A charge `Q` is enclosed by a Gaussian spherical surface of radius `R`. If the radius is doubled, then the outward electric flux will

To solve the problem, we will use Gauss's Law, which states that the electric flux (Φ) through a closed surface is proportional to the charge (Q) enclosed by that surface.
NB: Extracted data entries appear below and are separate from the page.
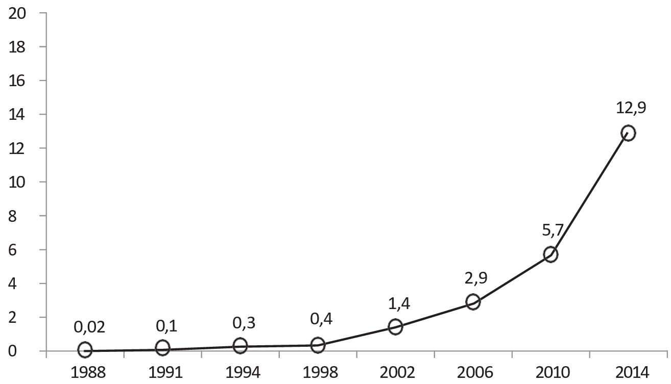 Graphique 1 : Le score des Démocrates de Suède aux élections législatives (1988-2014, en % des suffrages exprimés).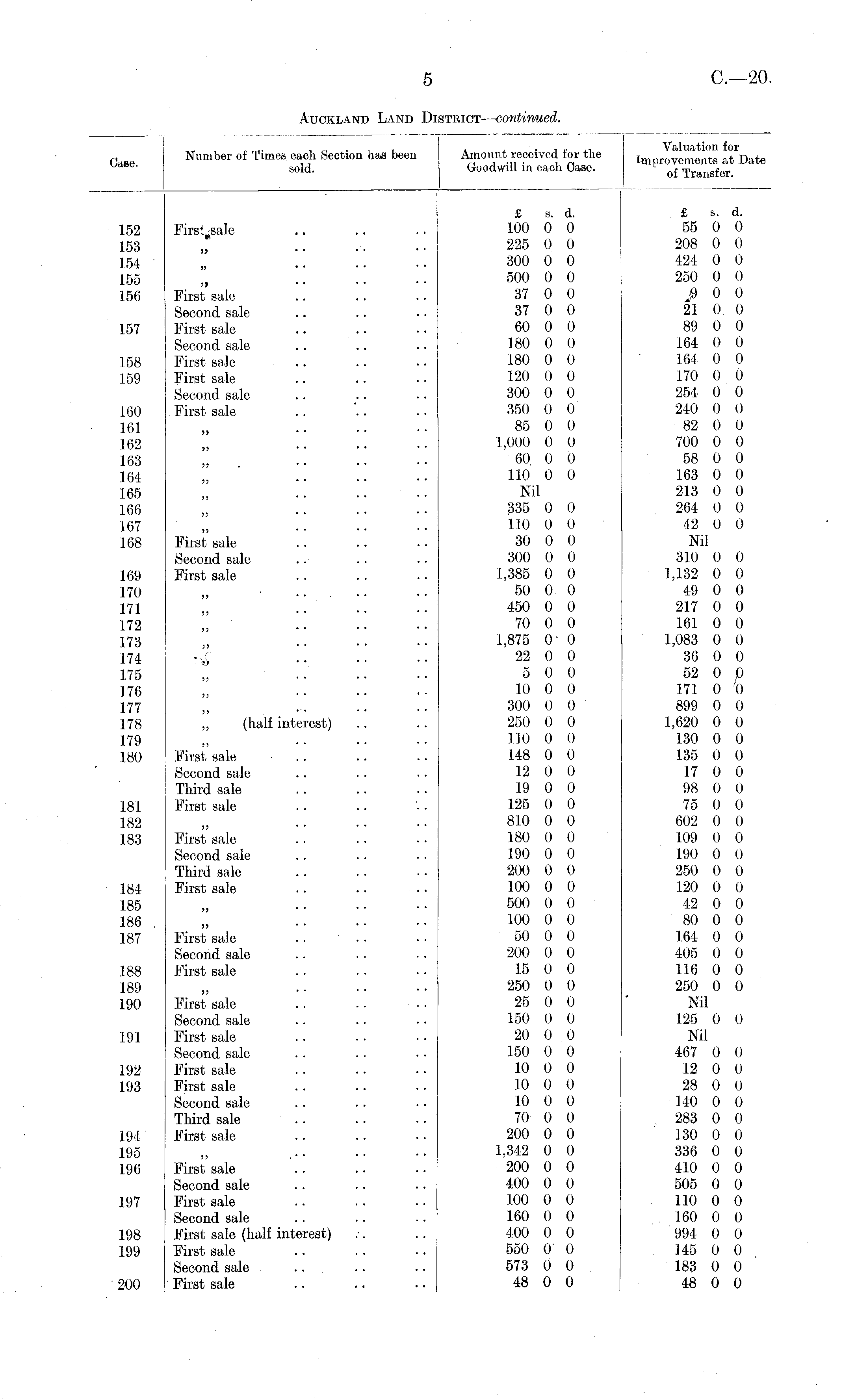 !ase. Number of Times each Section has been sold. Amount received for the Goodwill in each Case. Valuation for Improvements at Date of Transfer. 152 153 154 155 156 157 158 159 160 161 162 163 164 165 166 167 168 169 170 171 172 173 174 175 176 177 178 179 180 Firsi B saIe 39 ' • 33 • ' 39 * * First sale Second sale First sale Second sale First sale First sale Second sale First sale 33 * * 33 • • 33 • • 33 * * 33 • ■ 33 * * First sale Second sale First sale 33 ■ * 33 33 i> * " 33 ' ' 33 * * 33 „ (half interest) First sale Second sale Third sale First sale £ s. d. 100 0 0 225 0 0 300 0 0 500 0 0 37 0 0 37 0 0 60 0 0 180 0 0 180 0 0 120 0 0 300 0 0 350 0 0 85 0 0 1,000 0 0 60, 0 0 no o o Nil 335 0 0 110 0 0 30 0 0 300 0 0 1,385 0 0 50 0 0 450 0 0 70 0 0 1,875 0 0 22 0 0 5 0 0 10 0 0 300 0 0 250 0 0 110 0 0 148 0 0 12 0 0 19 0 0 125 0 0 810 0 0 180 0 0 190 0 0 200 0 0 100 0 0 500 0 0 100 0 0 50 0 0 200 0 0 15 0 0 250 0 0 25 0 0 150 0 0 20 0 0 150 0 0 "10 0 0 10 0 0 10 0 0 70 0 0 200 0 0 1,342 0 0 200 0 0 400 0 0 100 0 0 160 0 0 400 0 0 550 0' 0 573 0 0 48 0 0 £ s. d. 55 0 0 208 0 0 424 0 0 250 0 0 9 0 0 21 0 0 89 0 0 164 0 0 164 0 0 170 0 0 254 0 0 240 0 0 82 0 0 700 0 0 58 0 0 163 0 0 213 0 0 264 0 0 42 0 0 Nil 310 0 0 1,132 0 0 49 0 0 217 0 0 161 0 0 1,083 0 0 36 0 0 52 0 0 171 0 0 899 0 0 1,620 0 0 130 0 0 135 0 0 17 0 0 98 0 0 75 0 0 602 0 0 109 0 0 190 0 0 250 0 0 120 0 0 42 0 0 80 0 0 164 0 0 405 0 0 116 0 0 250 0 0 Nil 125 0 0 Nil 467 0 0 12 0 0 28 0 0 140 0 0 283 0 0 130 0 0 336 0 0 410 0 0 505 0 0 110 0 0 160 0 0 994 0 0 145 0 0 183 0 0 48 0 0 181 182 183 33 * * First sale Second sale Third sale First sale 184 185 186 . 187 33 " ' 33 ■ ■ First sale Second sale First sale 188 189 190 33 * ' First sale Second sale First sale Second sale First sale First sale Second sale Third sale First sale 191 192 193 194 195 196 33 * * First sale Second sale First sale Second sale First sale (half interest) First sale Second sale First sale 197 198 199 200
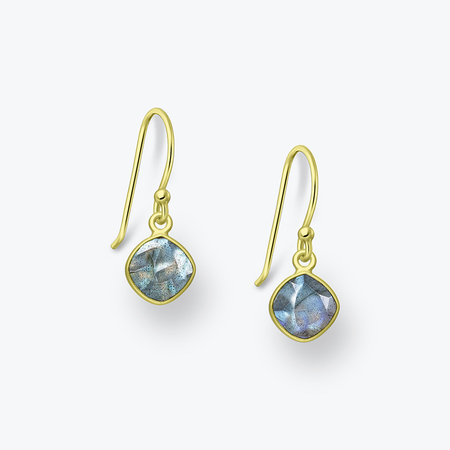 Pozlacené stříbrné náušnice z broušeného labradoritu.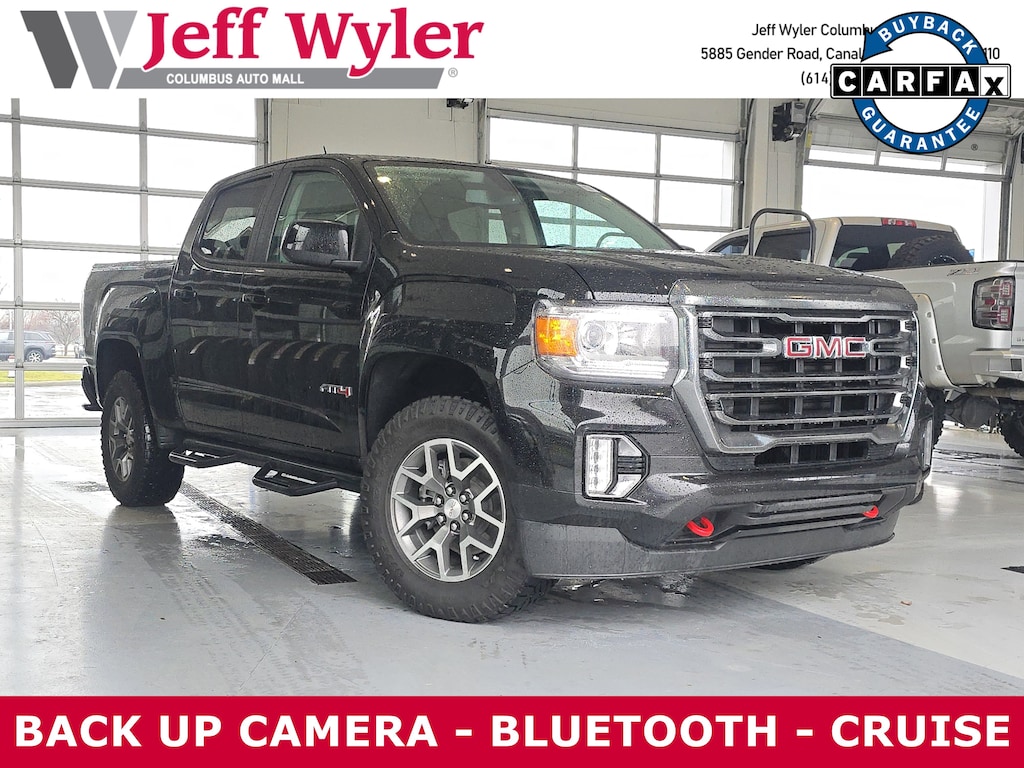 2022 GMC Canyon Onyx Black V6 8-Speed Automatic AT4 w/Leather 4WD 4WD. Clean CARFAX.Odometer is 18403 miles below market average!Come visit the all new Jeff Wyler Chevrolet of Columbus the official Home of the Fresh Start Program! See how easy it is drive your new vehicle home today.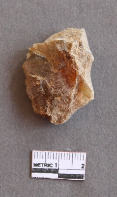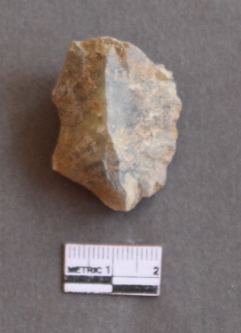 | Description / विवरण | It is a chalcedony nodule, with a striking platform, cortex on one end; there are many flake scars with ripples on it. |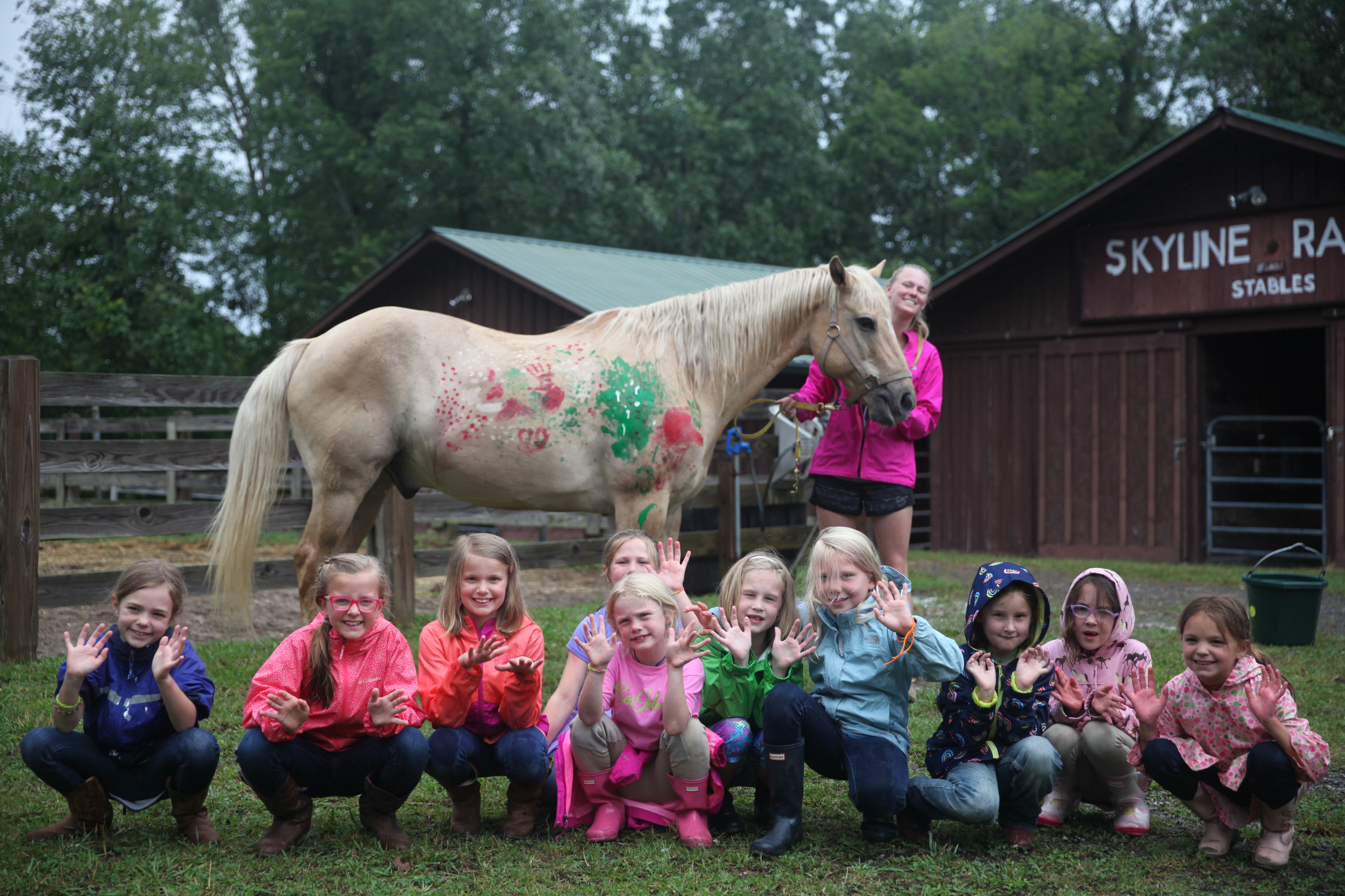 Horseback got in most of their classes today and when it got a little too wet for them to ride they all went into the stables and got ground lessons on tack (gear) and cleaning the horses and stalls. Some of the campers even got to learn about a “Paint” horse You want to be sure to see in the video exactly what I’m talking about. They had a blast!! Even when they may not be riding the horses, theres still plenty for them to do and learn!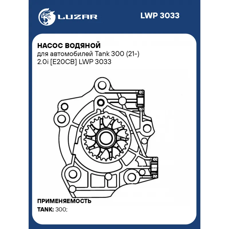 Насос водяной для автомобилей Tank 300 (21-) 2.0i [E20CB] LWP 3033 LUZAR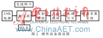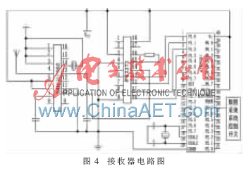 硬件的搭设如图2所示,采用5 V/1 A的mini USB通用型手机充电器作为外接电源,插入SUB无线网卡即可连接外部WIFI网络。发射器采用315 MHz发射模块,为了防止重码的产生,在发射器电路设计时要加入编码模块,电路图如图3所示。编码模块采用PT2262/PT2272,该模块是一种CMOS工艺制造的低功耗低价通用编解码电路,最多可有12位(A0-A11)三态地址端管脚(分别悬空、接低电平、接高电平),任意组合可以提供312=531 441地址码,PT2262最多可有6位(D0-D5)数据输入端,设定的地址码和数据码从17脚串行输出。此次设计采用固定编码,将A3接高电平,A4接低电平,其余管脚悬空。Raspberry Pi树莓派提供8个GPIO通用接口、1个I2C接口、2个SPI接口和1个串口,发射模块的GND连接Raspberry Pi的Ground管脚,发射模块的IN1连接Raspberry Pi的GPIO0(PIN17)管脚,IN2连接Raspberry Pi的GPIO1(PIN18)管脚,发射模块的VCC外接5 V电源。在接收器接收到信号后要经过解码器才能被识别,解码器采用PT2272,无线接收采用的是MICRF002,MICRF002是美国Micrel公司推出的完整的单片超外差接收电路,具有固定模式和扫描方式两种工作方式,主要用于无线遥控。MICRF002、PT2272和AT89S51单片机的连接电路图如图4所示。PT2272采用发射端相对应的地址编码方式,将A3接高电平,A4接低电平,其余管脚悬空,17管脚接数据采集系统的控制电路,MICRF002的14管脚接外部时钟;单片机的P1.0、P1.1、P1.2、P1.3口作为数据的输入端接PT2272的输出端,P2.7口作为数据输出端外接数据采集系统控制开关,EA/VPP端接高电平,CPU首先执行片内程序存储器中的程序,然后自动转向执行片外程序存储器中的程序,XTAL1和XTAL2接外部时钟。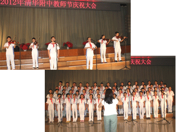 徐海鹰老师代表全体教师发表了题为“探索和实践乃教师之本”的教师节感言,表示要追随那些曾经创造过附中辉煌的老一辈教师的足迹,在基础教育大洋中,以务实高效的作风为舵,以探索和实践为浆,以迈入世界名校俱乐部的信念为帆,齐心协力,再创辉煌!

The formula for Gauss's Law is given by: \[ \Phi = \frac{Q_{\text{enclosed}}}{\epsilon_0} \] where: - \(\Phi\) is the electric flux, - \(Q_{\text{enclosed}}\) is the total charge enclosed within the Gaussian surface, - \(\epsilon_0\) is the permittivity of free space. ### Step-by-Step Solution: 1. **Identify the initial conditions:** - A charge \(Q\) is enclosed by a Gaussian spherical surface of radius \(R\). - The electric flux through this surface can be calculated using Gauss's Law. 2. **Calculate the initial electric flux:** - According to Gauss's Law, the electric flux when the radius is \(R\) is: \[ \Phi = \frac{Q}{\epsilon_0} \] 3. **Change the radius of the Gaussian surface:** - Now, the radius of the Gaussian surface is doubled to \(2R\). - However, the charge \(Q\) remains the same and is still enclosed by the surface. 4. **Calculate the new electric flux:** - The electric flux through the new Gaussian surface (with radius \(2R\)) is still given by Gauss's Law: \[ \Phi' = \frac{Q}{\epsilon_0} \] 5. **Compare the initial and new electric flux:** - Since the charge \(Q\) enclosed by the Gaussian surface has not changed, the electric flux remains the same: \[ \Phi' = \Phi = \frac{Q}{\epsilon_0} \] ### Conclusion: The outward electric flux remains the same even when the radius of the Gaussian surface is doubled. Therefore, the answer is that the electric flux does not change.